The International Finance Corporation (IFC) report reveals that fitting out commercial property with green technology could decrease operational costs by up to 37%. In personal private property, owners of green homes report saving an average of 15% to 20% on utility bills. For buildings that incorporate recycling measures, the waste output can be reduced by 90% while using 30% less energy, leading to a 5% increase in NOI compared to typical buildings

The income implications for investors are clear: green buildings will command higher rents and higher capital values while incurring lower monthly operating and maintenance costs.


Certified rent (premium) compared to uncertified rent (2016 – H1 2021)




Brown Discount risk or opportunity

In recent years, the real estate industry has largely debated the "green premium", but has put less interest in researching the "brown discount". Because buildings with good environmental performance are typically newer, quality assets, it can be difficult to identify the sustainability premium. Nevertheless, there is ample evidence that green buildings command higher rents than comparable non-green properties, indicating the considerable potential for investors to invest in the "brownfields discount" for properties with relatively poor environmental performance. Therefore, the absolute value of the green premium is a function of the gap between the market valuations of green and brownfield properties.


Potential for obsolescence, also known as the brown discount constitutes a real estate market emerging risk, for existing buildings that don’t “green up”: Just as green buildings that outperform the market may show a value premium, brown buildings that underperform relative to their market may show a discount.



Older properties are considered riskier than new energy-efficient or net-zero properties, which will require less maintenance and significantly reduce their operating costs, thereby reducing risk. Older buildings represent depreciable assets, while newly constructed properties that meet or exceed eco-friendly requirements represent valuable assets.


From brown discount to brownfield premium

The gap between brownfield and greenfield premiums will continue to widen in the coming years as older buildings lose value. Investors will have to deal with the brown discount due to deferred maintenance in order to maintain the balance of risk in their portfolios, and homeowners will be forced to upgrade their properties for purchases and refinance in order to support the value of their homes and avoid potential reductions in the sale and rental prices. As mass production and demand for high-end green homes are built and absorbed into the market, the spread of risk will intensify. This trend will also impact lenders and could result in potential write-downs of discounted loan portfolios, making them less marketable and less desirable due to additional collateral risk.


In conclusion

Given the scale of the opportunity, investors can play a critical role in helping to unlock the transformative potential of the building sector to achieve the energy transition and increase resilience to climate change. But urban gentrification and encroachment on agricultural land pose a serious threat to future land use policies.

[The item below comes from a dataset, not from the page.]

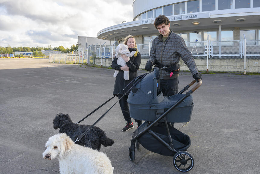 – Onhan tämä valtava! Anne ja Pietari Ranta-aho ovat tulleet vauvan ja koiriensa kanssa Malminkentälle sunnuntaikävelylle.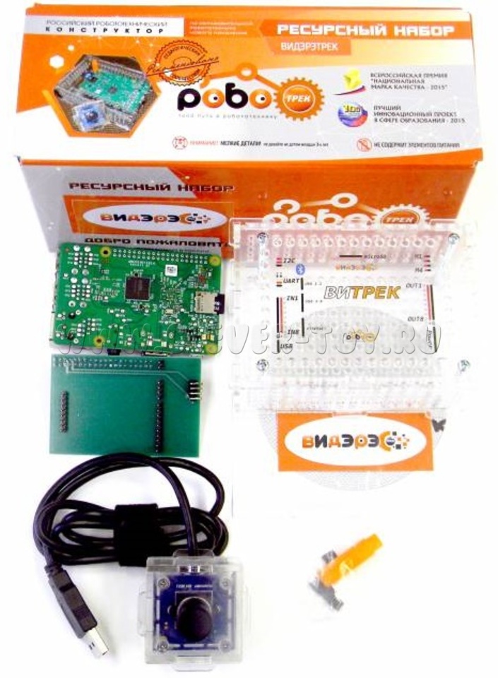 Ресурсный набор «Видэрэтрек-2» содержит полноценный микрокомпьютер Витрек, в состав которого входят Raspberry Pi 3 Model B+ и контроллер Трекдуино. Набор подходит для тех, у кого еще нет контроллера Трекдуино, но есть желание начать работать с технологиями компьютерного зрения.

Green building does not have to be a purely environmental investment option; the cohort of new sustainable investors could also help unlock a clearer alignment between the social and environmental value of green buildings. Investing in brownstones - older buildings in transition - will combine the triple "E-S-G-" benefit of achieving the energy transition and maintaining reasonable financial returns, while incorporating greater social equity and better "social" returns for investors.